• allergy;
  • children;
  • cyclosporin A;
  • IgE;
  • immunosuppression;
  • rapamycin;
  • regulatory T-cells;
  • tacrolimus;
  • transplantation

To cite this article: Eiwegger T, Gruber S, Geiger C, Mayer E, Dehlink E, Bannert C, Frischer T, Kasper D, Jaksch P, Klepetko W, Akdis C, Szépfalusi Z. Impact of systemic immuno-suppression after solid organ transplantation on allergen-specific responses. Allergy 2011; 66: 271–278.


Introduction:  The immunosuppressive therapy in solid organ transplantation targets mainly the T- and B-cell-mediated immune response. However, there is evidence that it neither suppresses sensitization nor clinical manifestation of allergic diseases in organ-transplanted patients.
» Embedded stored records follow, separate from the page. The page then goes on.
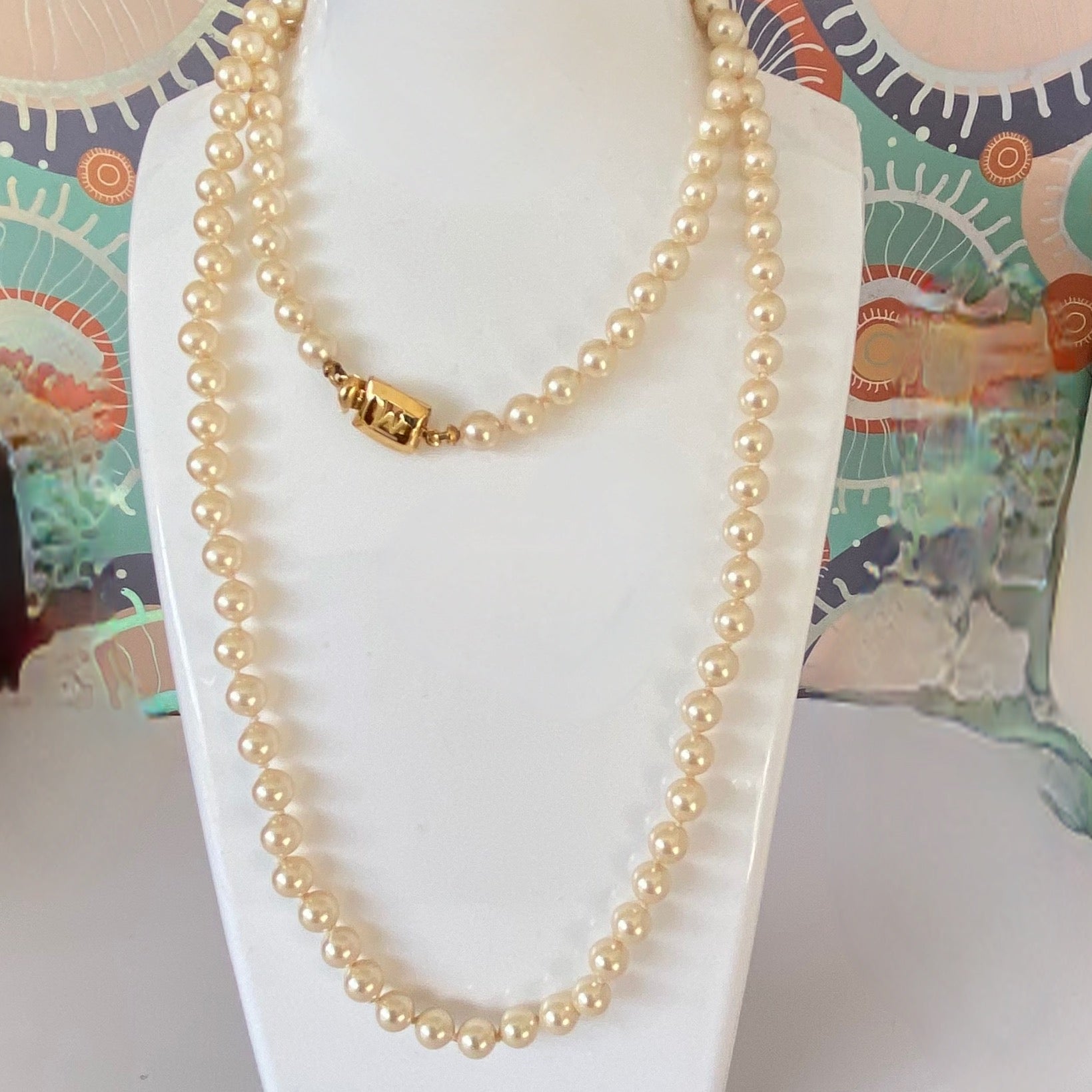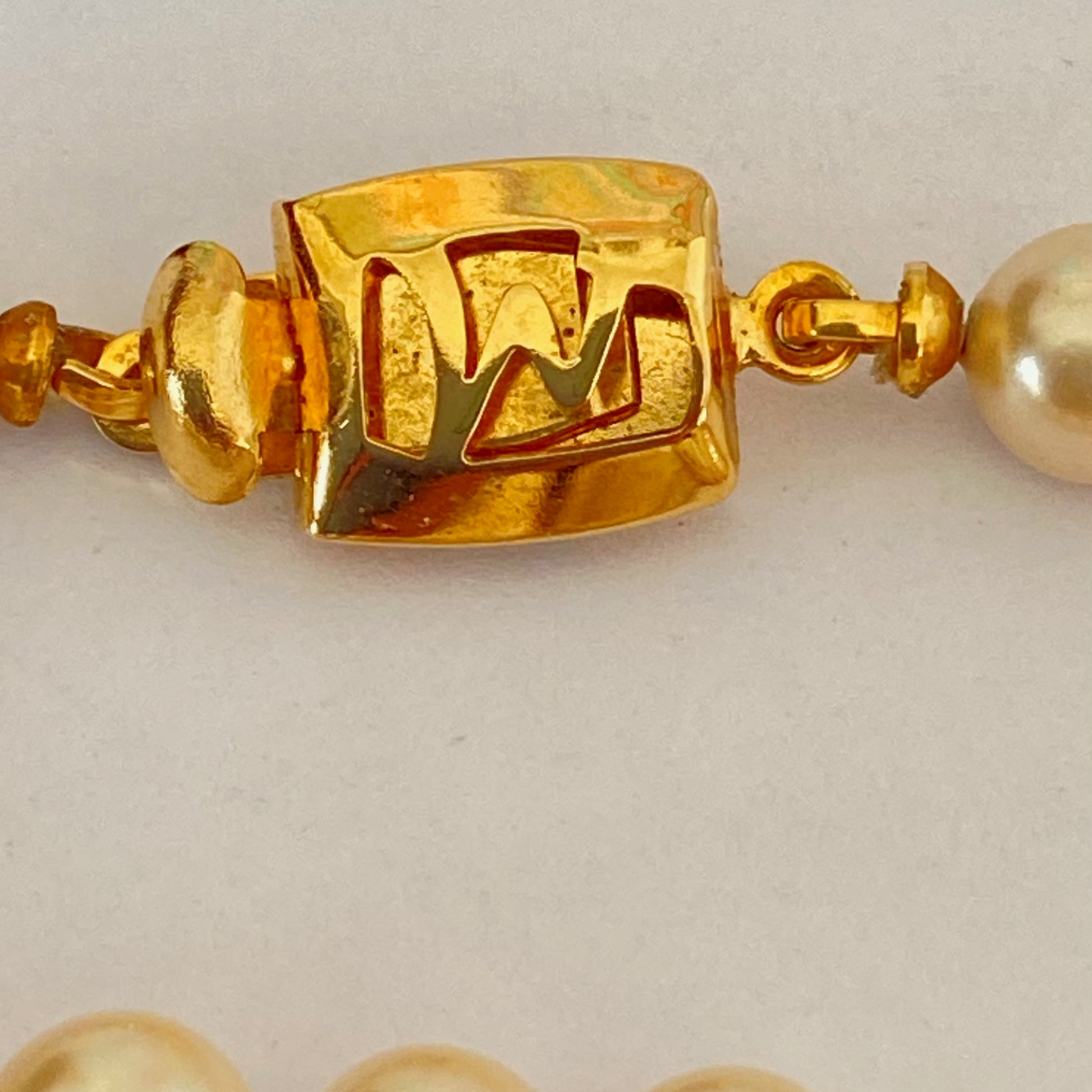 The Single row of faux pearls with a gold tone clasp with the M logo and Monet Signature on the back. The Necklace is 74cm end to end Long with each bead 0.5mm wide.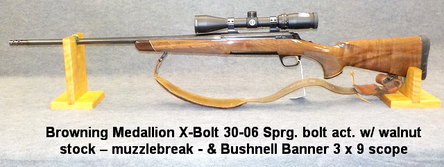 30-06 cal. w/ scope, Browning Medallion X-Bolt 30-06 Sprg. bolt act. w/ walnut
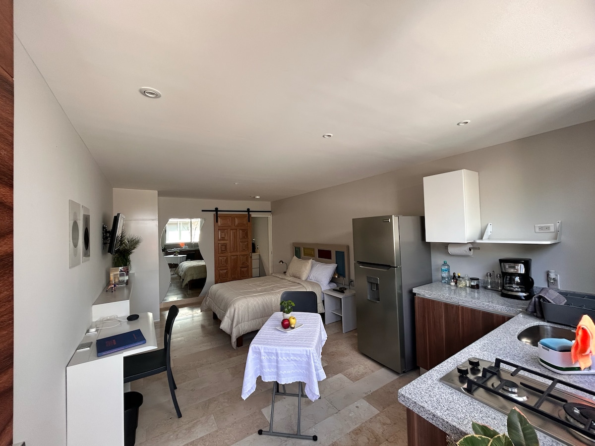 Cozy studio with separate entrance for 2 people, kitchen, bathroom, breakfast bar. SmartTV and high speed WiFi. 15 minutes from the airport. On a quiet, cozy street with easy access by car or public transport (4 blocks from the Balbuena metro). Great location, we are 10 minutes from the Palacio de lo Deportes, Autodromo Hermanos Rodriguez, Foro Sol, TAPO bus terminal. And a 20-minute drive to the Historic Center.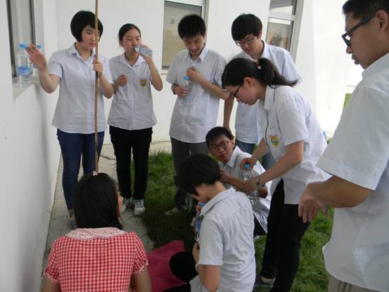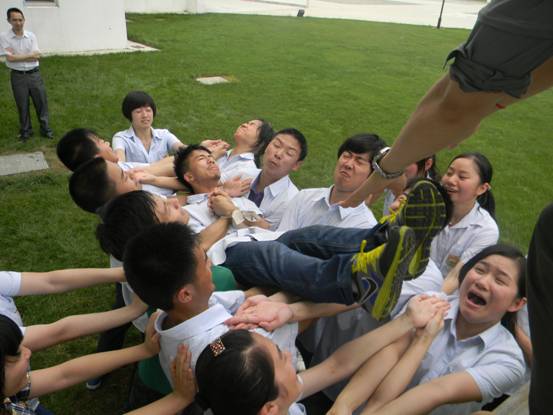 学生们在教官的指导下分成两组,做完准备活动后大家开展了第一个活动——信任背摔。当从高处的台上垂直向后倒下,但心中却感受到信任的力量,因为其余的所有队员用手臂搭起一张坚实的网,稳稳地托起坠下的队员。此刻,团队合作的精神让每个人受益匪浅。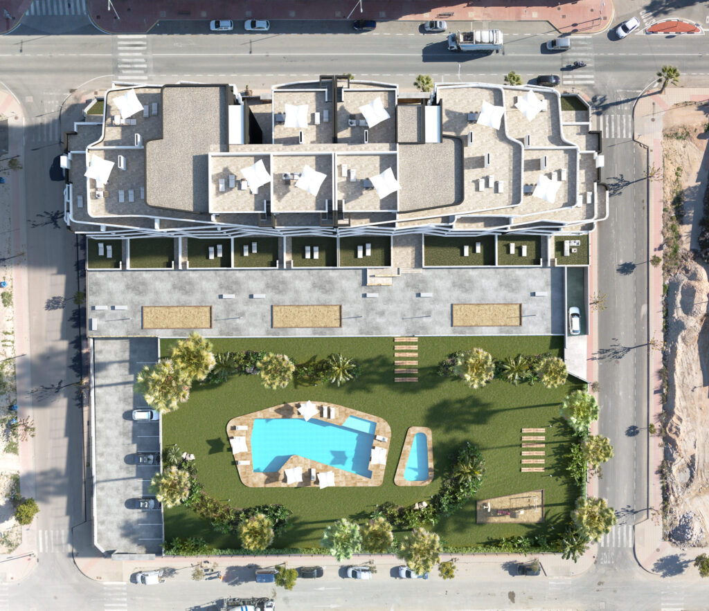 The residential complex features various common areas that enhance the living experience of its residents. The garden areas offer a natural and relaxing environment, perfect for enjoying a walk or simply resting outdoors. The communal pool is an ideal meeting point for socializing and enjoying the Mediterranean climate, while the children's playground provides a safe and fun space for kids. These facilities are designed to foster a sense of community and offer residents a comfortable and enjoyable lifestyle.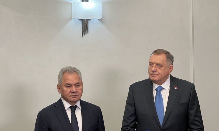 Касаясь кризисных событий в Боснии и Герцеговине, он отметил, что ситуация в Республике Сербской достаточно напряженная. «Данная ситуация стала следствием деятельности западников, направленной на разрушение системы баланса интересов трёх государствообразующих народов страны и двух энтитетов Боснии и Герцеговины. Хочу заверить, что рассматриваем обвинительный приговор Вам по сфабрикованному уголовному делу о неисполнении решений высокого представителя как неправосудный», - сообщил С.Шойгу. Он также отметил, что этот акт вмешательства западников в судебную систему Боснии и Герцеговины является ключевым элементом курируемой Лондоном и Берлином кампании, нацеленной на устранение неугодных Западу лидеров. «Мы надеемся на то, что меры, которые принимаются вами и поддерживаются нами, дадут свой результат», — сказал Сергей Шойгу, обращаясь к Милораду Додику. Он обратил внимание, что «отчетливо прослеживается цель сокращения значимости сербского фактора в регионе и осложнение взаимодействия сербов с Россией».

Objective:  This study addresses the question whether allergen-specific responses are altered by systemic immunosuppression via negative effects on the T-regulatory cell compartment and a more pronounced suppression on Th1-type T-cell responses.

Material and methods:  Peripheral blood mononuclear cells from 65 solid organ-transplanted (kidney, liver, lung) children, adolescents, and young adults and 18 healthy, matched controls were included, and their clinical and sensitization status assessed. Allergen-specific proliferation, intracellular cytokine production, frequency of forkhead box P3 (FOXP3)+CD3+CD4+CD25high cells, mRNA expression of IL-10, transforming growth factor (TGF)-β and FOXP3 (real-time RT-PCR) of peripheral blood mononuclear cells or bronchoalveolar lavage fluid (BAL)-derived cells, and the inhibitory capacity of T-reg cells were investigated.

Results:  Immunosuppression led to a significantly altered regulatory marker profile expressed by enhanced TGF-β mRNA production and a reduced frequency of FOXP3+CD4+CD3+ cells in solid organ transplanted individuals. FOXP3 expression in BAL cells of lung-transplanted patients was significantly decreased. Allergen-specific proliferation was not significantly altered despite long-term immunosuppression. However, suppression of allergen-specific responses via the T-regulatory cell fraction was deficient in immunosuppressed individuals.

Conclusion:  The results suggest an insufficient control of allergen-specific responses via the Treg-cell compartment under systemic immunosuppression.